Doesn't pretty much all professionals from programmers to editors to musicians
_still_ use function keys as part of their workflow when touch-typing?

I mean if the touchbar was above the function keys it would be an added bonus,
but removing function keys for "professionals" is like telling a pianist that
he now has to play on a touch-keyboard with no tangents.

I am more than ready to pay for an upgrade but now i am going to keep my still
excellent 2014 pro with no stupid gimmicks and a good keyboard.

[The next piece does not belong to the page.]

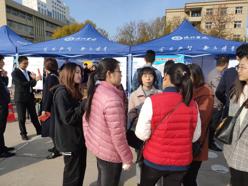 2019年10月26日上午8点30分,山东省毕业生招聘活动365上市公司专场在体育场准时举行,各大企业负责人精心准备,为德院学子提供了优秀的就业发展平台。参与本次招聘会的有英国365集团党总支副书记李想、团总支书记张萌萌、辅导员张建英老师、朱馨馨老师、杨康平老师、大三大四学生以及学生会相关成员。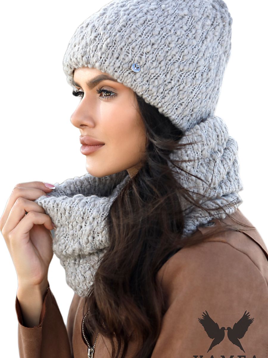 LAMIA-SET for women in beige is an extraordinary winter set consisting of an elegant hat and a scarf. Delicate artistic weaves combined with a subdued color create a composition that is both dynamic and balanced. Made of high-quality wool yarn, the products provide not only warmth and comfort, but also an excellent look. This unique set was produced in Poland, guaranteeing its high quality.

EDIT: To all the people downvoting me, why? Why on earth earth downvote a
fellow pro addressing an obvious downgrade - am i missing something? Why jump
on a bandwagon an "be an optimist" or "stop complaining" if this gimmick makes
coding/working slower for us?

It reminds me of when most of the pro market fled the revamped Final Cut X
Suite which was so dumbed down it was almost a "kids editing program" while
Apple gave no fucks.

EDIT2:

To all the people saying they don't use F keys. I simply don't believe you.
You also control brightness, volume and playback with these buttons and i have
never seen anyone NOT using these keys without looking. Especially the volume
keys all the way to the right tap-tap-tap without looking - i know you have
done this ha!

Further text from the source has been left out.